This bill establishes the Immigrant and Refugee Affairs Agency as a cabinet-level agency in California and creates an Office of Immigrant and Refugee Affairs led by a Statewide Director of Immigrant and Refugee Inclusion. The Governor appoints the secretary (and up to two chief deputies) subject to Senate confirmation; the office is charged with coordinating state services, evaluating accessibility, creating a clearinghouse of resources, making policy recommendations, and engaging federal and local partners.
Mechanically, the bill transfers programs, related property, unencumbered funds, and state civil‑service employees performing those functions into the new office, creates an Immigrant and Refugee Inclusion Fund, and conditions use of the fund on legislative appropriation. It also restricts interagency information-sharing to demographic data, forbids sharing personal immigrant or refugee information outside the agency, and prohibits use of agency resources to assist immigration enforcement.

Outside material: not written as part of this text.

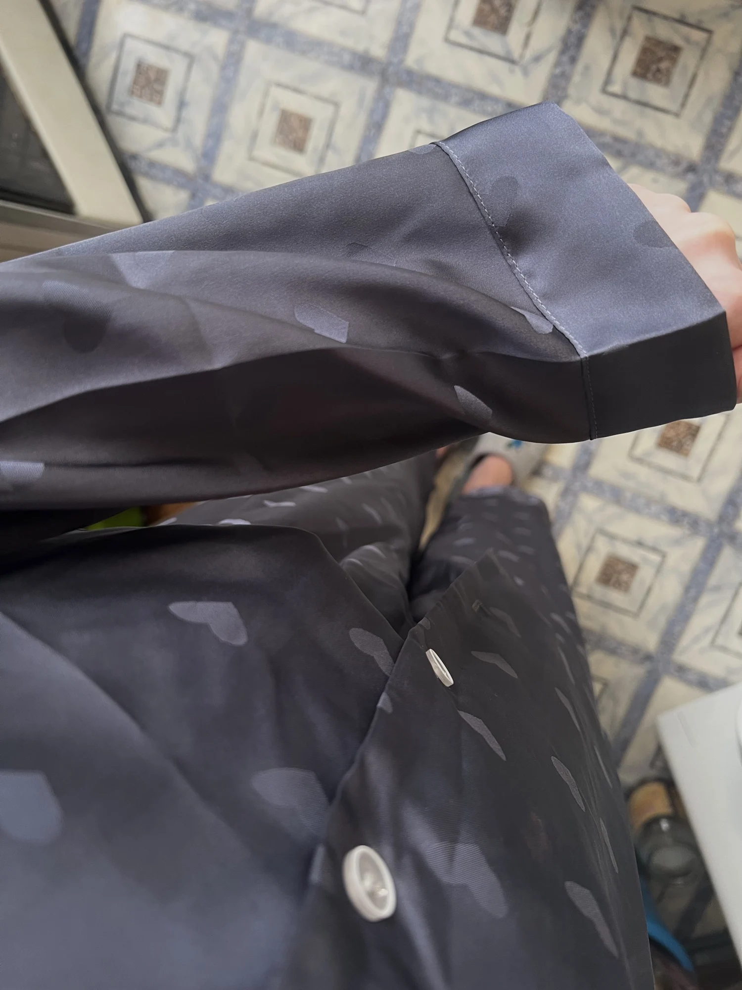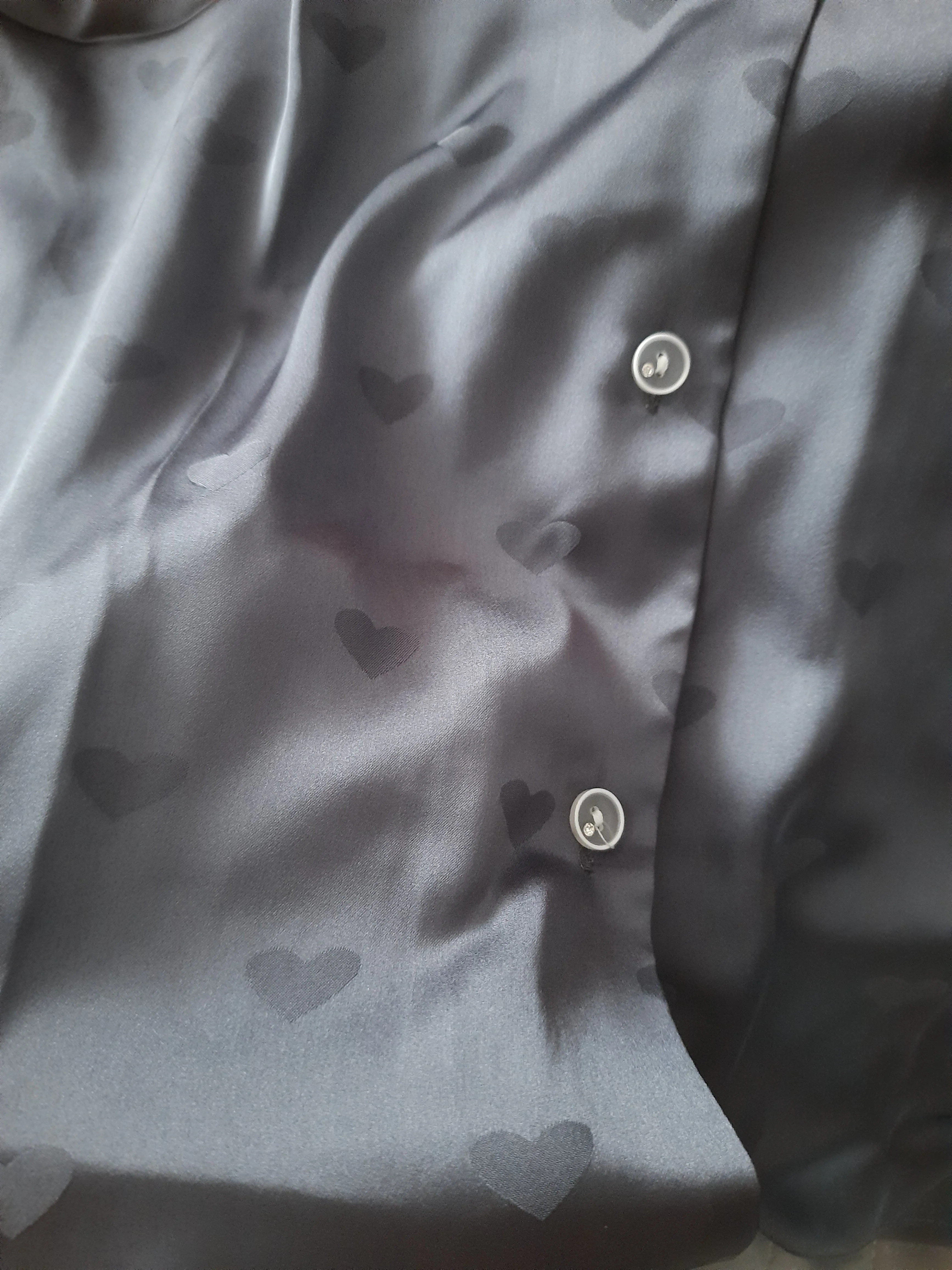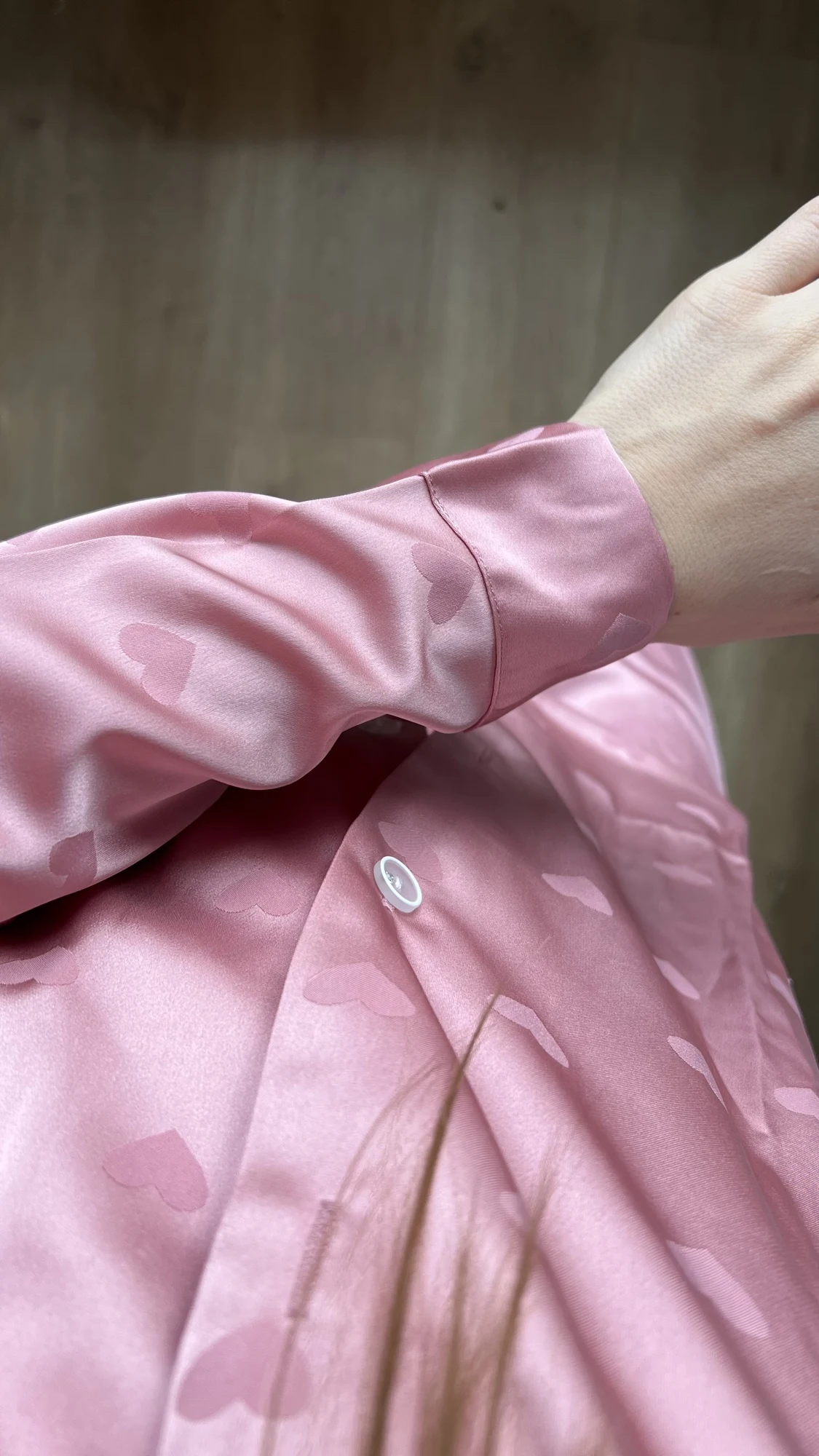 The term “Love” refers to the romantic theme in the design of the pajama – the lovely heart pattern on the satin fabric.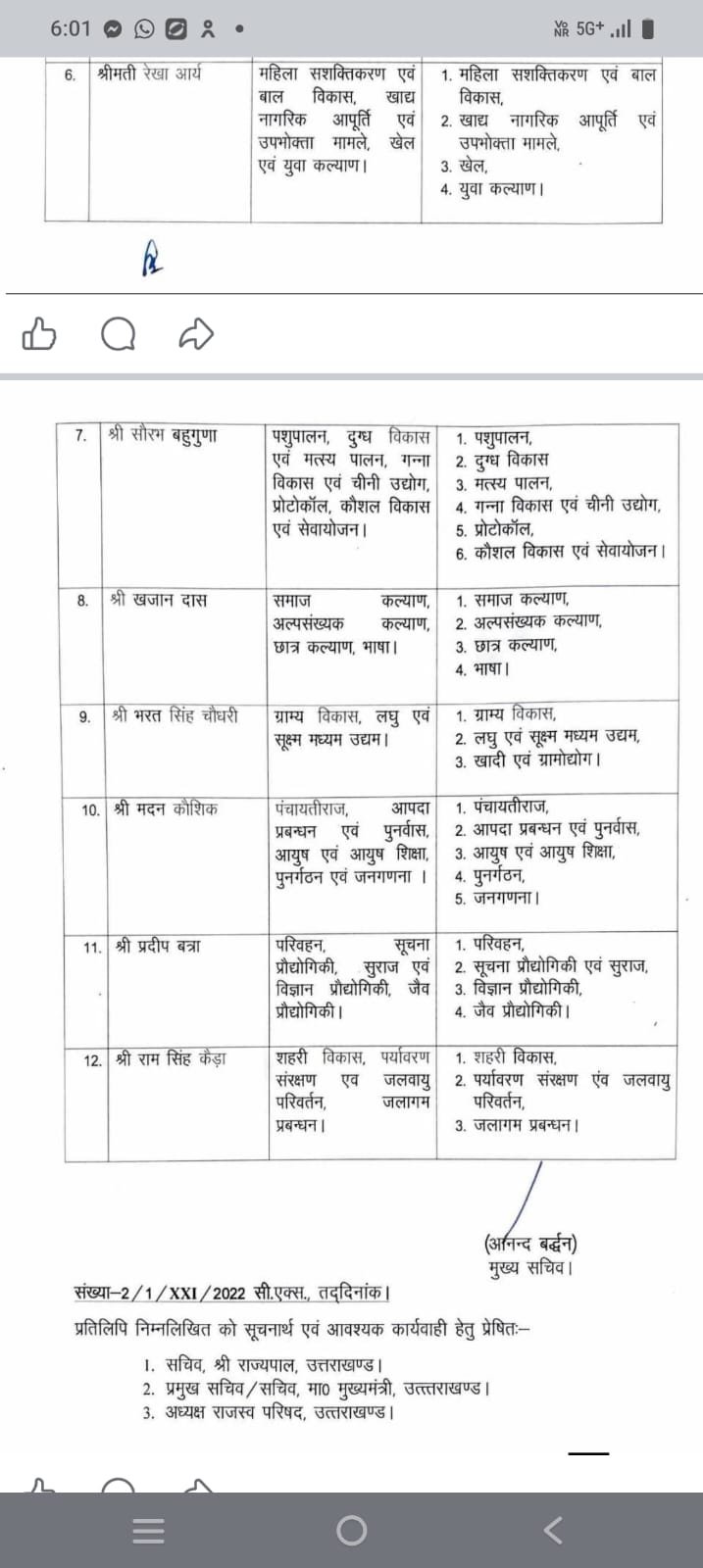 वहीं, अन्य विभागों का बंटवारा मंत्रियों के बीच करते हुए उन्हें उनके-उनके दायित्व सौंपे गए हैं, ताकि विभागीय कार्यों का प्रभावी क्रियान्वयन सुनिश्चित हो सके। सूत्रों के अनुसार इस नए बंटवारे से कार्यों में बेहतर समन्वय स्थापित होगा और विकास योजनाओं को तेजी से धरातल पर उतारा जा सकेगा।

The statute is explicitly temporary and repeals on January 1, 2036.
At a Glance
What It Does
Creates a new state agency and internal Office of Immigrant and Refugee Affairs, centralizes existing and future immigrant/refugee programs, transfers staff and unencumbered funds, and establishes an appropriation-dependent inclusion fund. It limits data sharing to demographics and bars use of agency resources for immigration enforcement.
Who It Affects
State departments and units currently running immigrant-serving programs (their budgets, staff, and property), the Department of General Services and Department of Finance (who resolve transfer disputes), local immigrant affairs offices and community-based providers who coordinate with the new office, and immigrant and refugee communities who will be the subjects of the office’s programs and privacy protections.
Why It Matters
The law centralizes policy and accountability for immigrant and refugee inclusion and creates a unit that can reallocate staff and money across state government. Its data restrictions and enforcement ban set a privacy-forward precedent for how states handle immigrant information, while the sunset and appropriation dependencies create operational and funding uncertainty.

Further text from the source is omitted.